I have been fascinated with type 2 immunity for a good part of a decade and decided to re-read this fabulous review by Franziska Hartung and Julia Esser-von Bieren, Trained immunity in type 2 immune responses. Hartung and Bieren beautifully synthesize emerging evidence that trained immunity plays a substantial role in shaping type 2 immune responses such as helminth infection, allergy, and asthma. Definition of trained immunity according to leading experts in the field, is “long-term functional reprogramming of innate immune cells, which is evoked by exogenous or endogenous insults and which leads to an altered response towards a second challenge after the return to a non-activated state.” This type of epigenetic and metabolic programming can act on long lived innate cells such as NK cells, macrophages and monocytes, HSCs. More recently, there's been suggestions of innate memory potential on eosinophils and ILCs as well.
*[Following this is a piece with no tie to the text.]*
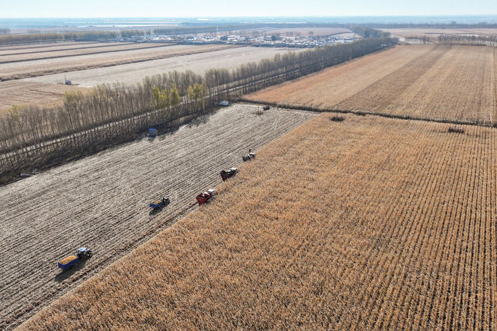 2024年10月16日,在黑龍江省肇東市五里明鎮(zhèn)東升村,農民駕駛農機進行收割作業(yè)(無人機照片)。新華社記者 謝劍飛 攝

In thinking about this review and rather than regurgitating the highlights..I’d like to just think out loud- some of the broad strokes about type 2 immunity.

One thing that has always struck out to me is how anything that doesn’t fit in type 1 immunity is bucketed as a type 2 immunity. But, the reality is that type 2 immunity has a wide spectrum from allergy, autoimmunity, asthma, helminths infections, metabolic diseases as well as fibrosis. Having said that, you can imagine how complex the triggers and the resulting consequences can be.

For instance, a helminth infection and an asthmatic response may result in eosinophilia, yet the consequences of this exuberant eosinophilia can be incredibly host protective during helminths infection in mounting a robust type 2 immune response against a secondary helminth infection.. while maintenance of such eosinophils can also be immensely pathogenic and inflammatory in asthma. This complexity is telling of how underappreciated the diverse type 2 immune responses really are.

This is almost a conversation starter and we can let this incubate and circle back to it and let it evolve over this month. But, as far as the review goes.. one of the many enigmatic and open questions that still remain in the field of trained immunity and type 2 immunity - I hadn’t thought much about this one:

Do IL-33-responsive progenitors in the bone marrow form a long-term memory niche that sustains chronic asthma even in the absence of allergen exposure. If so, can this explain why there is a persistent inflammation in CRSwNP and NSAID-exacerbated diseases. Why don’t you chew on that for a bit and I’ll think of something else to talk about tomorrow.